Я семь лет была частью дороги и пейзажа, поэтому не находила ничего безумного в таком обычном деле, как пешее хождение. Правда, сначала, когда училась в первом классе, оно ограничивалось двумя километрами: утром километр к автобусной остановке на шоссе и вечером от шоссе обратно до дома. Позже, когда подросла, каждое утро шагала почти километр через лес, а затем четыре километра по шоссе до школы. Вообще-то совхозный автобус ежедневно отвозил детей в школу и привозил обратно, но отец не разрешал мне такое барство. Зимой бегала я в школу на лыжах. Лишь в восьмом классе стала ездить на велосипеде, который купил мне отец. Я считала, что такое спартанство не имело никакого смысла, но отец настоял на своем – иначе нет никакой пользы от того, что выросла в деревне. "Если с детских лет изнежишься, что же будет в старости? Сплошные мигрени и ломота в костях!" – рассуждал отец. Ему до сих пор никто не дает больше тридцати, хотя он был уже старик, когда я родилась. "Лес в старину был шубой бедняка, а теперь источник здоровья", – говорил отец. Мать, пожалуй, была не прочь, чтобы я ездила на автобусе – ведь все ребята ездили! – но она не хотела нарушать родительского согласия, опять-таки чисто педагогический прием, известное дело! Вообще-то отец оказался прав: болезни меня избегали. Но по утрам я с трудом продирала глаза и злилась на отца: другие ребята могли поспать еще целый час… Один-единственный раз – после гриппа – отец сам отвез меня в школу на мотоцикле…
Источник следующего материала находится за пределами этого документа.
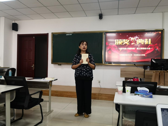 接下来,yl7703永利召开了“书香马院•共读有我”第三期表彰大会。会上,齐艳霞副院长对 “书香马院•共读有我”前三期进行了总结和回顾。古有言:立身以立学为先,立学以读书为本。我院每周三坚持开展“书香马院•共读有我”活动,迄今为止,已经一起研读了29本书。通过研读宣讲,我院教师增长了知识储备、开阔了学术视野,营造出一个日益浓厚的学术氛围。
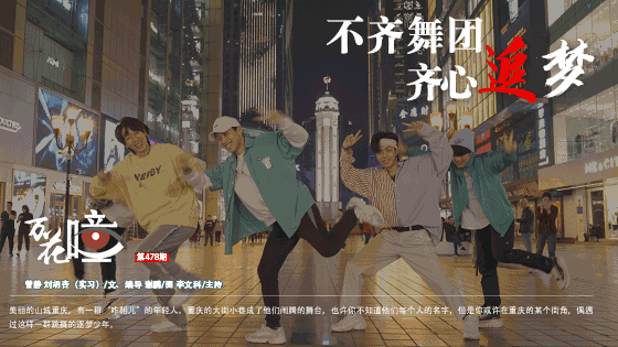 华龙网-新重庆客户端11月27日6时讯(曾静 刘胡杏(实习)/文 谢鹏/图 李文科/主持)美丽的山城重庆,有一群“咋翻儿”的年轻人。重庆的大街小巷成了他们闹腾的舞台,也许你不知道他们每个人的名字,但是你或许在重庆的某个街角,偶遇过这样一群跳舞的逐梦少年。

 – Однажды, идя по лесной дороге, я вышла на пустошь, – рассказывала Стийна глухим, таинственным голосом. – Передо мной была голая, уходящая за горизонт равнина, два острых ствола деревьев на фоне синего неба. И вдруг у меня на глазах быстро взошла большая белая круглая луна, словно кто-то тащил ее по небу, словно это была особая луна, которая всходила только над этой пустошью… Это было как сновидение…

 – И ты не струхнула?

 – Нет, я как бы сделалась бесплотной, словно растворилась в этом сновидении.

У меня неожиданно возникло странное ощущение нереальности, и я, пожалуй, не удивилась бы, если бы увидела вдруг у Стийны длинные клыки и острые когти. Далеко над чернеющим лесом виднелась мертвенно-бледная луна, два придорожных дерева жалобно склонялись одно к другому, хотя ветра и не было. Никто не стал бы искать меня на далекой дороге в лесу, в таком месте, названия которого я даже не знала. Впереди чернел какой-то странный крест, похожий на знак умножения.

Стийна глянула на меня и рассмеялась. Железнодорожный знак! Рельсы светились под луной, как два луча, и от этого мое самочувствие сразу стало более земным.

 – Пошли по шпалам, наверняка выйдем к какой-нибудь станции, – предложила я.

Стийна была согласна. Она продолжала свой рассказ тем же таинственным голосом. Она говорила о фантомах, о призраках, которые возникают, когда чья-нибудь злоба, отчаяние или желание отомстить становится столь велико, что ищет для себя воплощения…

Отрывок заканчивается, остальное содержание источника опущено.